About this exercise
Print the data verbatim. Leave every image out.

[Source records]
□ □ □ □
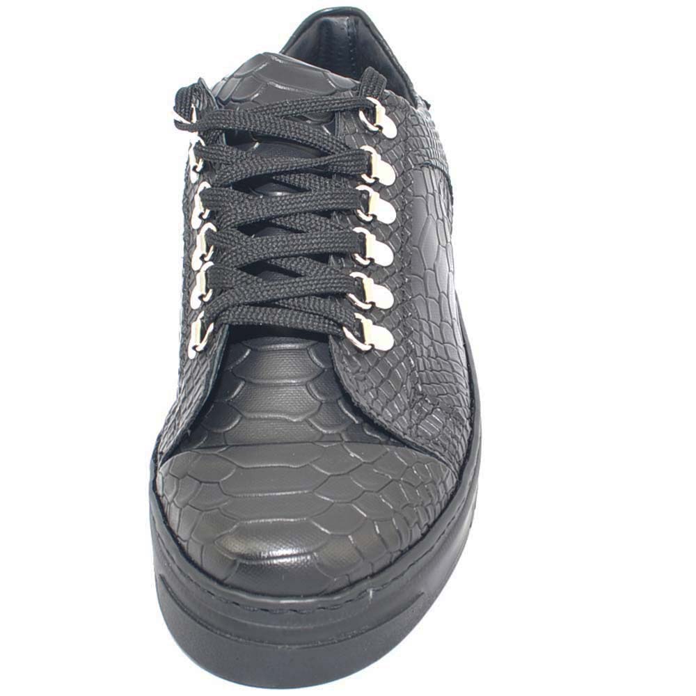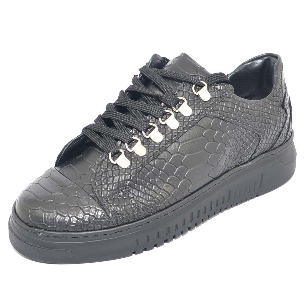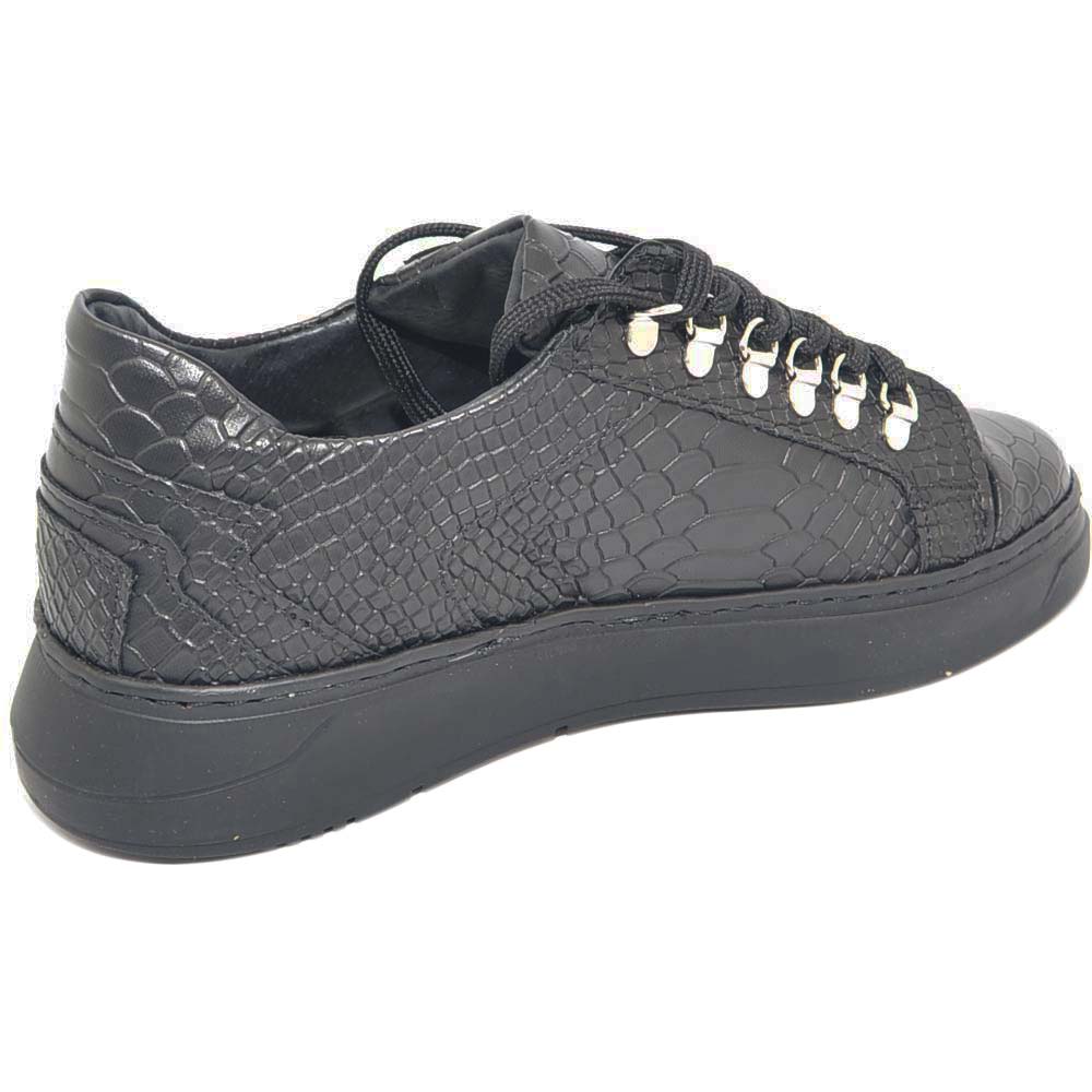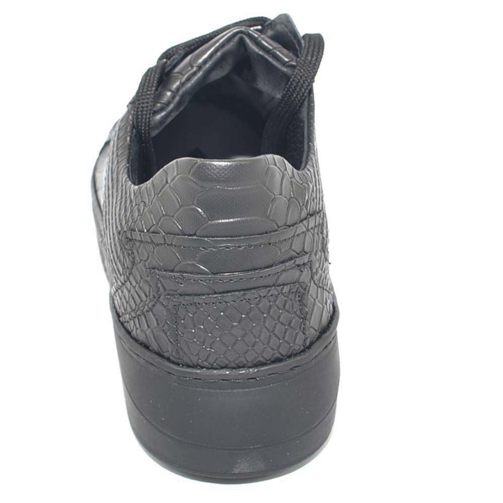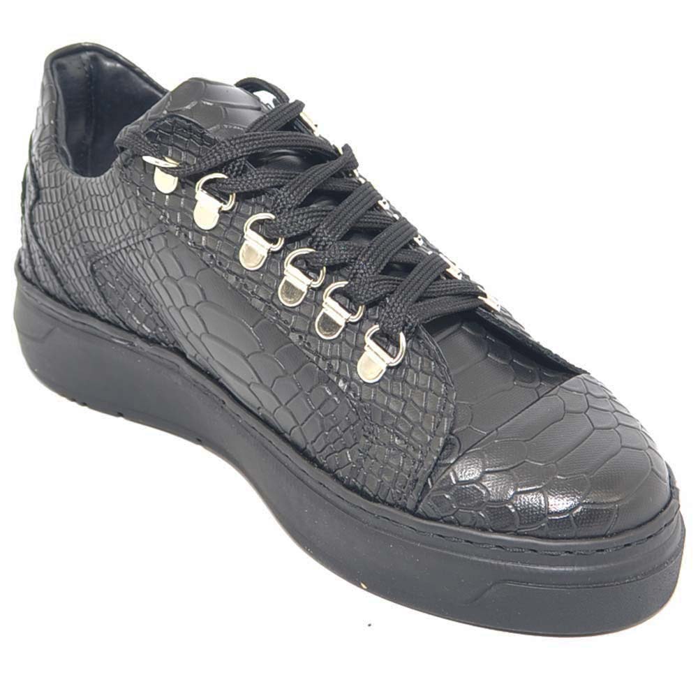 Sneakers bassa uomo nera in pelle cocco anaconda con ganci argento e fondo army nero alto disruptor moda giovane
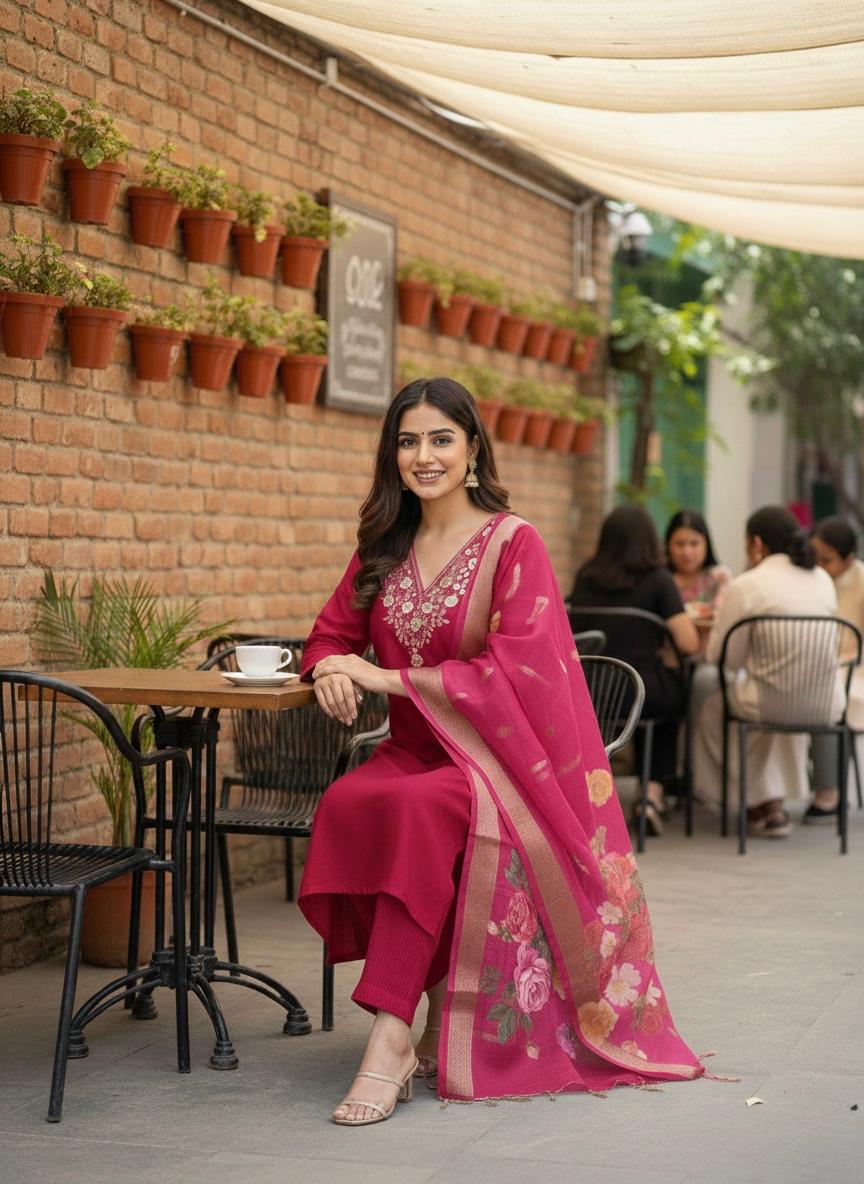 3 piece Kurti Pant Dupatta SetFABRIC Kurti:- Premium Roman Silk soft fabric with hand work neck with cotton innerSleeve length...
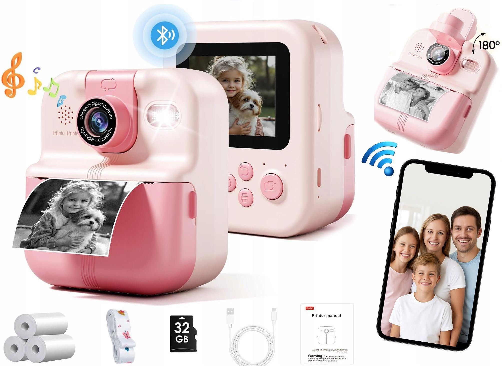 Aparat Natychmiastowy dla dzieci Innowacyjny - Obrotowy obiektyw 180° - idealny do selfie Bluetooth + aplikacja WalkPrint - edytuj i drukuj z telefonu 48 MP / 1080p HD - wysoka jakość zdjęć i filmów Drukowanie termiczne - zdjęcia gotowe w kilka sekund Gry i muzyka MP3 - dodatkowa rozrywka …
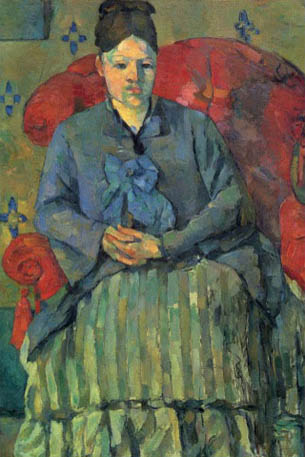 Chẳng ngạc nhiên gì khi Vollard không cảm thấy thoải mái: ông được ra lệnh phải “ngồi yên như một quả táo”, một công việc chỉ có người đẹp tóc nâu Hortense Fiquet với vẻ phớt tỉnh lạnh lùng mới làm được. Fiquet sau này, vào tuổi trung niên, trở thành Bà Cézanne (bà vợ từng được ông mô tả là “vợ tôi chỉ quan tâm đến Thụy Sĩ và nước chanh”). Trông chán nản nhưng ấn tượng, bà cũng như những quả táo trong các bức tĩnh vật và núi Mont St Victoire trong các bức phong cảnh, một người mẫu không thay đổi mà Cézanne dùng để định nghĩa lại nghệ thuật vẽ chân dung. Một ví dụ ở đây chính là tác phẩm Madame Cézanne à la jupe rayée trong bộ sưu tập Boston: Hortense như một motif phong cảnh được nhập vào cấu trúc của một cảnh sinh hoạt gia đình: vẽ một thế giới ngay vào chính thế giới đó. “Đấy là chiếc ghế tựa màu đỏ đầu tiên và độc đáo nhất từng được vẽ,” Rainer Maria Rilke viết. “Nội thất của bức tranh run rẩy, lên cao, đổ xuống ngay vào chính nó và không hề có một phần nào không chuyển động.”
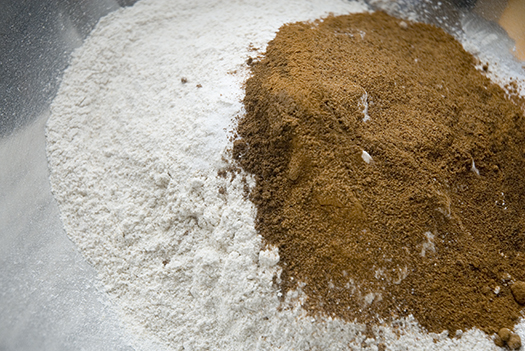 In another bowl combine flour, sugar, salt, baking powder, baking soda and spices.
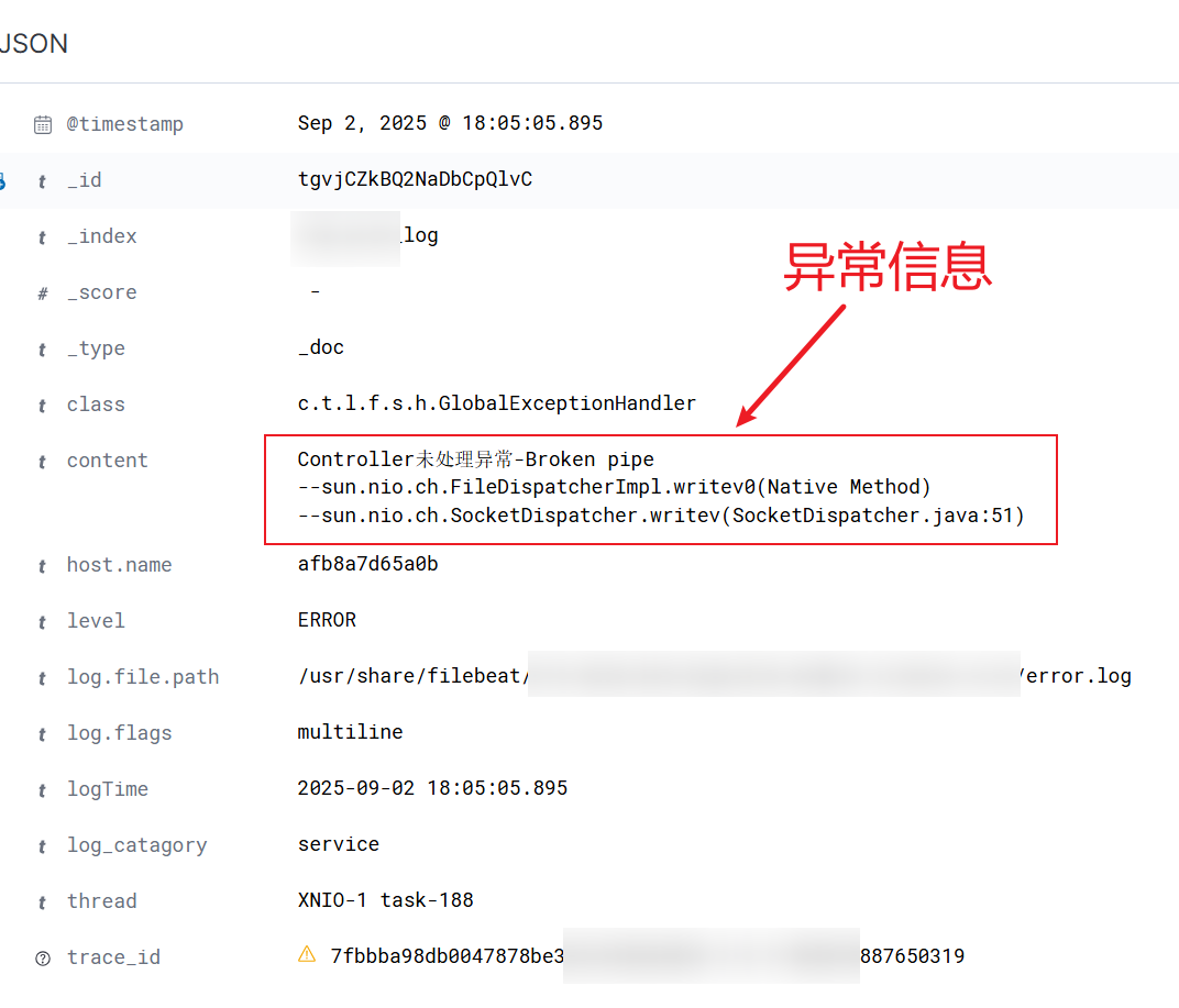 是不是有些日志没搜全呢?用 trace id 把整个链路的日志一起查出来看下,果然发现了一点端倪:系统在处理完请求后报了一个错,跟业务代码无关,看起来是一个网络问题。报错信息如下:
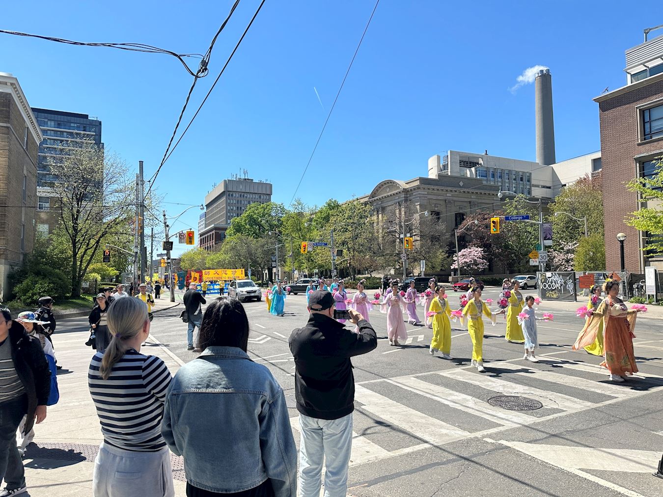 初春的多伦多阳光明媚,街道上花草繁盛,人们纷纷在外享受这美丽的春光。市民们和来自各国的游客都被这盛大的游行队伍所震撼,有的人为其拍照,有的人被其平和而美好的气氛所吸引,还有的人听完学员的介绍后,表示要去大法网址做更多了解。
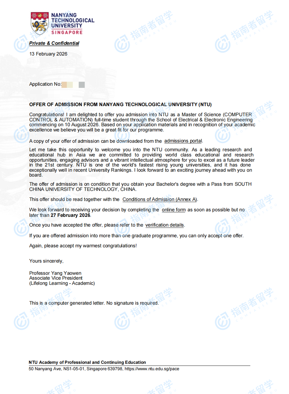 南洋理工大学计算机控制与自动化理学硕士研究生offer一枚
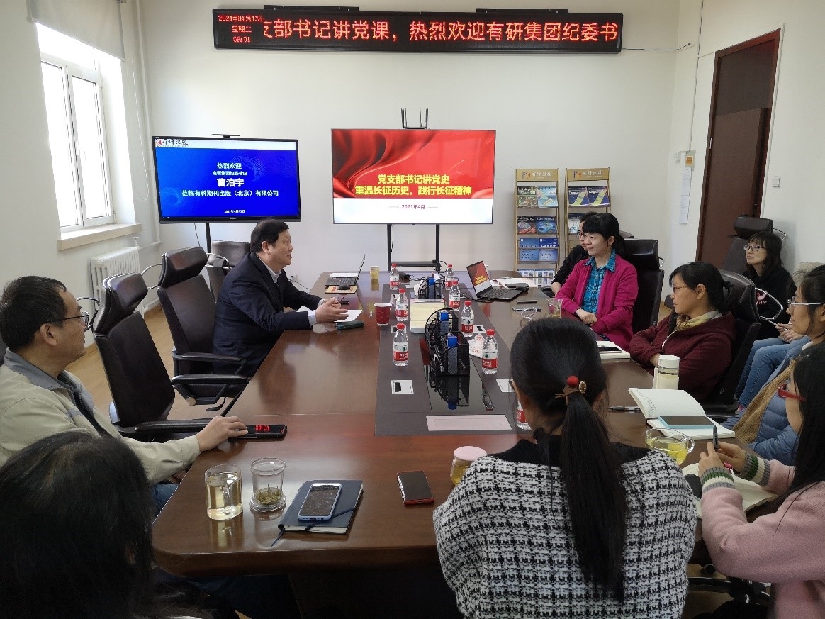 4月13日,有科出版党支部书记钱九红以“重温长征历史,践行长征精神”为题讲党史,并做“坚持‘两个一以贯之’健全中国特色现代企业制度”的主题党课。有研集团党委委员、纪委书记、党史学习教育领导小组副组长曹泊宇到会指导。全体党员、干部职工参加会议。
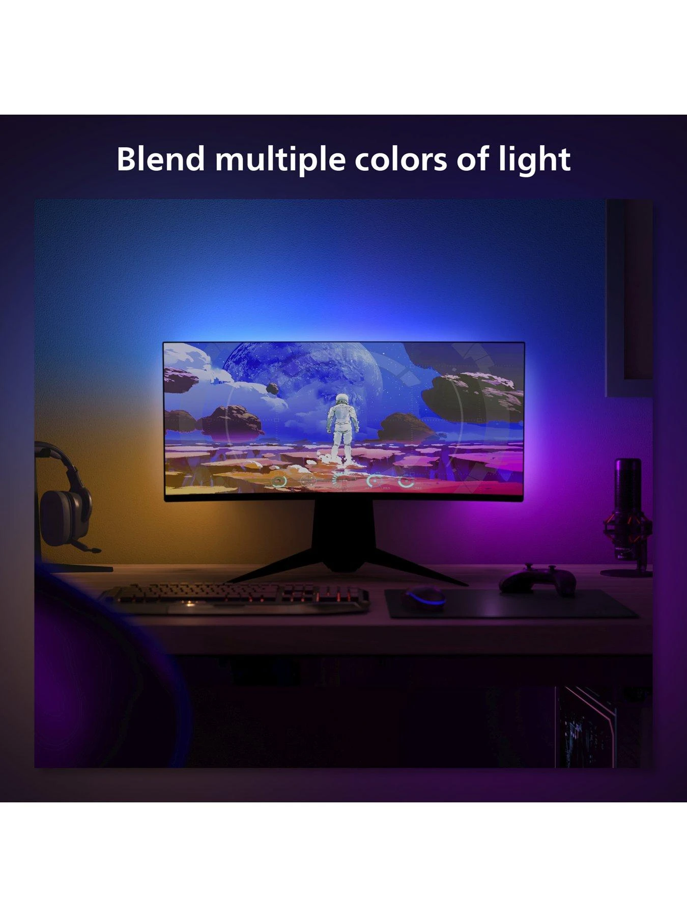- The Hue Play gradient lightstrip for PC mounts to the back of your single- or triple-monitor setup, bending easily around its corners.
□ □ □ □
Reply to the exercise
 Sneakers bassa uomo nera in pelle cocco anaconda con ganci argento e fondo army nero alto disruptor moda giovane
 3 piece Kurti Pant Dupatta SetFABRIC Kurti:- Premium Roman Silk soft fabric with hand work neck with cotton innerSleeve length...
 Aparat Natychmiastowy dla dzieci Innowacyjny - Obrotowy obiektyw 180° - idealny do selfie Bluetooth + aplikacja WalkPrint - edytuj i drukuj z telefonu 48 MP / 1080p HD - wysoka jakość zdjęć i filmów Drukowanie termiczne - zdjęcia gotowe w kilka sekund Gry i muzyka MP3 - dodatkowa rozrywka …
 Chẳng ngạc nhiên gì khi Vollard không cảm thấy thoải mái: ông được ra lệnh phải “ngồi yên như một quả táo”, một công việc chỉ có người đẹp tóc nâu Hortense Fiquet với vẻ phớt tỉnh lạnh lùng mới làm được. Fiquet sau này, vào tuổi trung niên, trở thành Bà Cézanne (bà vợ từng được ông mô tả là “vợ tôi chỉ quan tâm đến Thụy Sĩ và nước chanh”). Trông chán nản nhưng ấn tượng, bà cũng như những quả táo trong các bức tĩnh vật và núi Mont St Victoire trong các bức phong cảnh, một người mẫu không thay đổi mà Cézanne dùng để định nghĩa lại nghệ thuật vẽ chân dung. Một ví dụ ở đây chính là tác phẩm Madame Cézanne à la jupe rayée trong bộ sưu tập Boston: Hortense như một motif phong cảnh được nhập vào cấu trúc của một cảnh sinh hoạt gia đình: vẽ một thế giới ngay vào chính thế giới đó. “Đấy là chiếc ghế tựa màu đỏ đầu tiên và độc đáo nhất từng được vẽ,” Rainer Maria Rilke viết. “Nội thất của bức tranh run rẩy, lên cao, đổ xuống ngay vào chính nó và không hề có một phần nào không chuyển động.”
 In another bowl combine flour, sugar, salt, baking powder, baking soda and spices.
 是不是有些日志没搜全呢?用 trace id 把整个链路的日志一起查出来看下,果然发现了一点端倪:系统在处理完请求后报了一个错,跟业务代码无关,看起来是一个网络问题。报错信息如下:
 初春的多伦多阳光明媚,街道上花草繁盛,人们纷纷在外享受这美丽的春光。市民们和来自各国的游客都被这盛大的游行队伍所震撼,有的人为其拍照,有的人被其平和而美好的气氛所吸引,还有的人听完学员的介绍后,表示要去大法网址做更多了解。
 南洋理工大学计算机控制与自动化理学硕士研究生offer一枚
 4月13日,有科出版党支部书记钱九红以“重温长征历史,践行长征精神”为题讲党史,并做“坚持‘两个一以贯之’健全中国特色现代企业制度”的主题党课。有研集团党委委员、纪委书记、党史学习教育领导小组副组长曹泊宇到会指导。全体党员、干部职工参加会议。
- The Hue Play gradient lightstrip for PC mounts to the back of your single- or triple-monitor setup, bending easily around its corners.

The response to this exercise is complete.